The rear-engine Porsche 911 was unveiled in Europe in late 1963 at the Frankfurt, Germany, auto show, and went on sale in America in 1965. Since its arrival on the automotive scene there have been numerous updates to the 911 and many different versions but the 1973 911 Carrera RS 2.7 coupe is the most famous of the 1965-73 first-generation Porsche 911 models.

The Carrera name given to Porsche cars debuted in the fall of 1955 along with the Porsche four-cam engine at Frankfurt auto show. The name "Carrera" was adopted from the famous long distance race "Carrera Panamericana" held in Mexico during the 1950's and in which Porsche had numerous class victories with their 356 Carrera.

Revealed at the 1972 Paris Auto Show, the Porsche Carrera 2.7 RS (RS stands for Rennsport in German, meaning race sport in English) was a special model used to homologate the Porsche 911 in Group 4 racing. Developed from the 911S, the 2.7 was more potent in almost every area. The Carrera 2.7 RS featured a larger engine, wider flares to accommodate the Fuchs alloy wheels, stiffened suspension, larger brakes and a ducktail rear spoiler.

With the use of a Nikasil coating on the cylinder walls (technology developed in Porsche's 917 program) , the 2.4l unit could be bored out to a capacity of 2687 cc. At the time, this became the largest engine available in a Porsche and was good for 210bhp at 6300 rpm and with a taller 4th and 5th gear, the top speed was increased to 152mph.

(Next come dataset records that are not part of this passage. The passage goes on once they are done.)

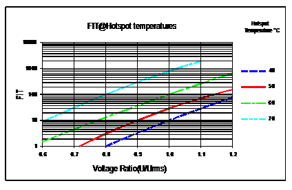 In fact, a FIT rate of 50 would mean, for example: “If 10,000 capacitors are operated simultaneously for 100,000 hours at rated voltage and with a hotspot temperature of no more than60°C, then out of this batch no more than 100 pcs may fail during the entire period.” Any period during which the hotspot temperature is lower than60°C, or the voltage is less than rated voltage, will contribute to a reduction of the 100 FIT.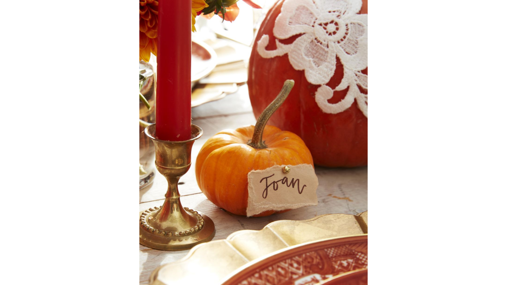 A fancy gold push pin, rough torn card stock, and a cute mini pumpkin are all that this name card requires to be amazing. Use it to assign places for your guests, family, or friends, so everyone knows where to sit in a very Thanksgiving manner.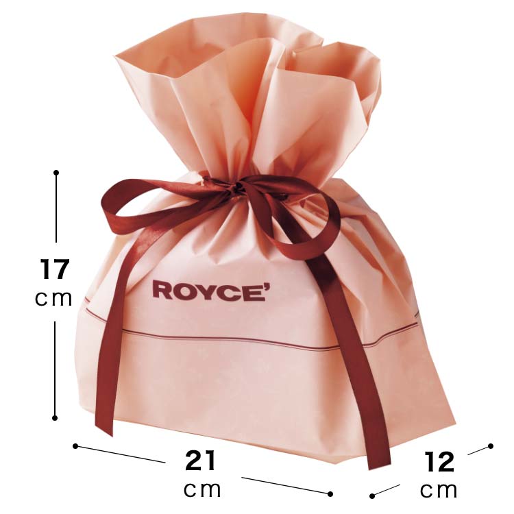 ROYCE'のロゴが入ったバレンタイン限定デザインのギフトポリ袋の大サイズです。リボンを結ぶ巾着タイプの袋です。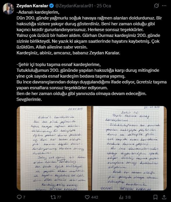 Tutuklu Adana Belediye Başkanı Zeydan Karalar'ın X paylaşımı (25 Ocak 2026)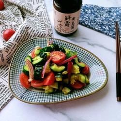 5. Prepare Xiangchou Fresh Soybean Sauce, add the chopped cucumbers, cherry tomatoes and onions.Place in a large bowl.

Initial production for the 2.7 was only 500 cars and it sold out almost immediately. Three versions were available, including a lightweight Sports trim, Race Trim or more opulent Touring trim for the road. The lightweight version was substantially lighter with thin-gauge body panels, lighter windows and a stripped out interior. Today, all of these models are highly valued by car collectors and they are considered by many to be the greatest classic Porsche 911 of all time.